Dillingham residents ask City Council for student athlete mask exemption at recent meeting

Oct 6, 2020

Dillingham’s City Council extended health and safety restrictions related to the COVID-19 pandemic at its meeting last week. But some community members voiced concerns about what that means for students hoping to participate in sports like wrestling. 

Wrestlers from Dillingham and Newhalen compete at the region's 2018 Sockeye Conference. December 8, 2018.
Credit Izzy Ross/KDLG

Dillingham’s current COVID-19 mitigation measures include a required travel form for people coming into the community and a 14-day quarantine or two tests at least 10 days apart, with one taken in Dillingham at least 72 hours after arriving. They also require people to wear masks in public places, including schools.

At Thursday's City Council meeting, a big theme was the effect of restrictions on kids’ mental health — specifically regarding the mask requirement.

During public testimony, several people asked the council to make an exemption and allow students to practice sports inside without masks.

The Center for Disease Control says that some athletes may not be able to wear a mask during high intensity activities if they find it difficult to breath, although it says that individual programs should determine whether or not their athletes wear masks when playing a sport after considering the state and local requirements they must follow. 

Jack Savo, Jr., is an assistant wrestling coach at the Dillingham Middle/High School.

“I am where I’m at today because of high school sports, specifically wrestling," he said. "We have a couple kids on our team that quite frankly are doing as well as they are in the community and the school because of the sport.”

Savo said that while they may not be able to travel and compete with other teams this season, if the city makes an exemption for wrestlers, they will at least be able to practice.

In a follow-up interview, Savo said his goal is to “keep the kids together” and continue to build a team environment. 

Mike Hink has kids who wrestle and play volleyball. He also asked the city for an exemption.

“Those seasons are coming up. And there’s very little they can do outdoors to allow the students to actually engage in these sports and actually learn and appreciate that endeavor. And it’s very important for them physically and mentally,” he said.

Hink pointed out that Dillingham is still at low risk for spread of coronavirus, and that the Alaska School Activities Association has laid out recommendations for students to continue practicing and competing.

Another community member, Shireen Glosser, said that the restrictions were damaging Dillingham’s “sense of community.”

“This quarantine is not in our best interest," she said. "Our children are losing their education, they’re losing their physical activity, they’re losing their aspirations. They’re becoming isolated, which leads to depression.”

In the end, the council did not grant an exemption for student athletes to forego masks during practice. Councilmember Gregg Marxmiller said he was wary of making exceptions to the current rules.

“I do understand the sports issue, and it seems reasonable to me," he said. "But I have to put that into balance of -- that people aren’t wearing masks, they’re supposed to wear masks, and that’s the way it gets transmitted. Is it really fair to make more exemptions and lessen the ordinance itself.”

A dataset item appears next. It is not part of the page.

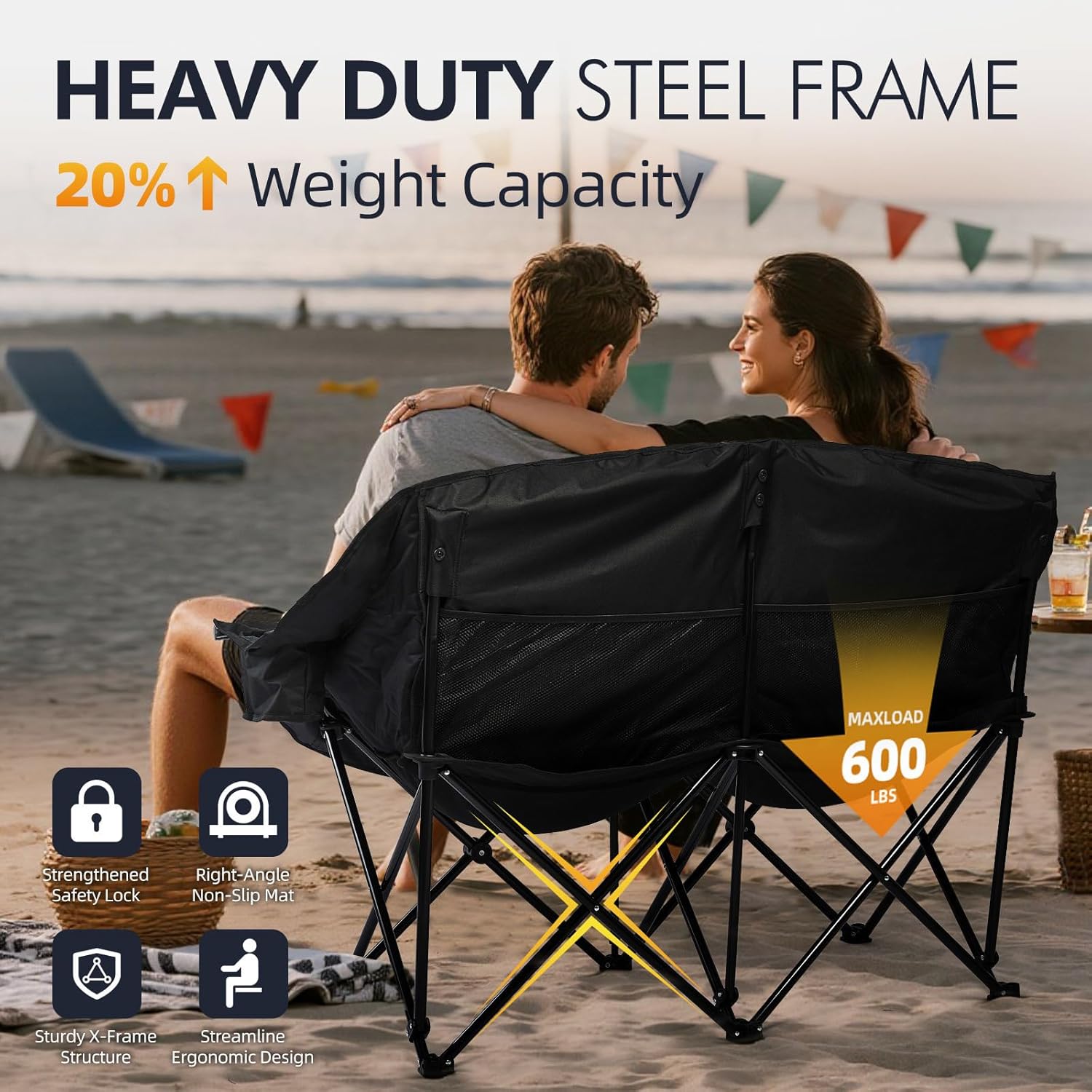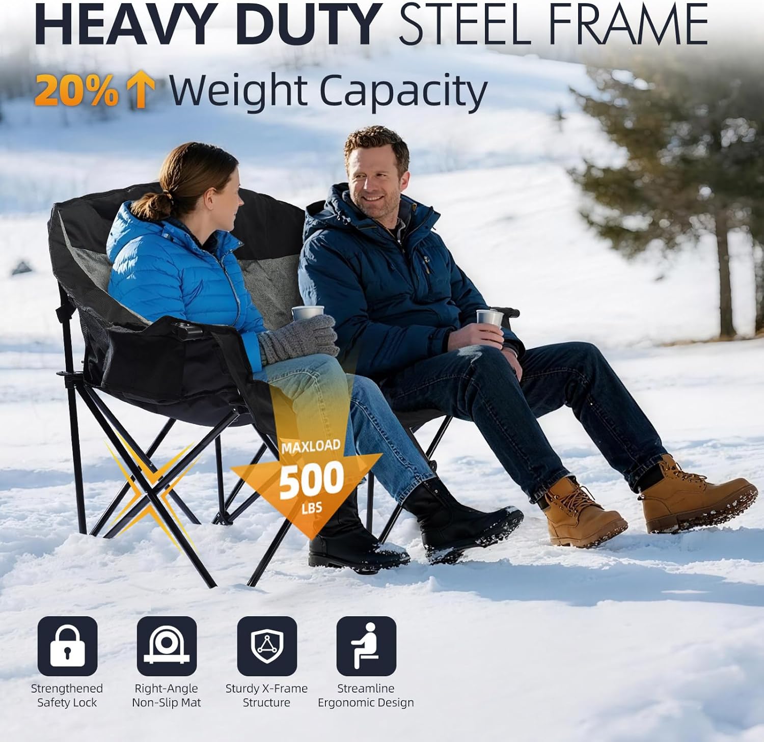 - Heavy-Duty Steel Frame - Newly upgraded reinforced X-shape steel construction with 22mm thickened tubes and anti-rust coating. Supports up to 500lbs for long-lasting durability. Non-slip textured feet ensure a stable seating experience for everyone.

The CDC recommends that people wear masks in public settings, and says the more people that use masks, the more likely they are to reduce the spread of COVID-19.

People voiced support for the council’s measures as well, saying that the strict protective measures were the reason for Dillingham’s low case counts. Norm Van Vactor, the CEO of the Bristol Bay Economic Development Corporation, travelled recently, and he quarantined upon his return.

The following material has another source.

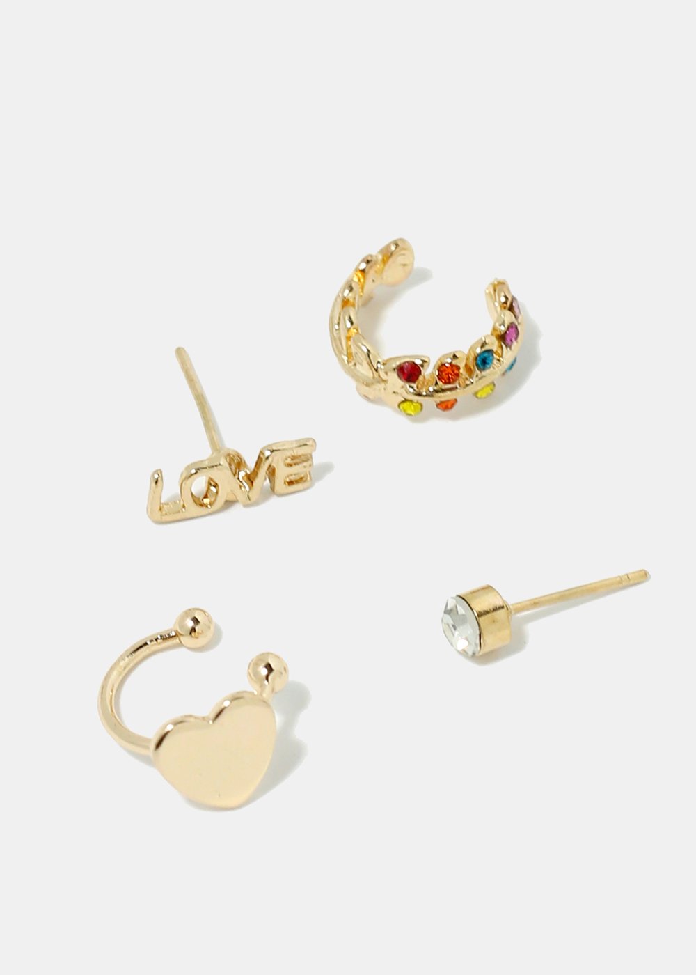 Change up your basic look with this 4 piece set including ear cuffs and earring studs. A unique and chic touch to your ensemble!

“As difficult as that is, I want to tell you, I’m thankful and grateful that we are in a community that cares, and we are a community that is trying to be as safe as we can possibly be,” he said. 

The council voted unanimously to extend its COVID-19 measures. It’s expecting to implement a new way of managing COVID-19 in the community.

The plan would create an Emergency Operations Center with the authority to establish regulations to manage COVID-19, and modify those regulations as the situation changes. 

Dillingham’s current protective measures expire at 11:59 p.m. on November 5.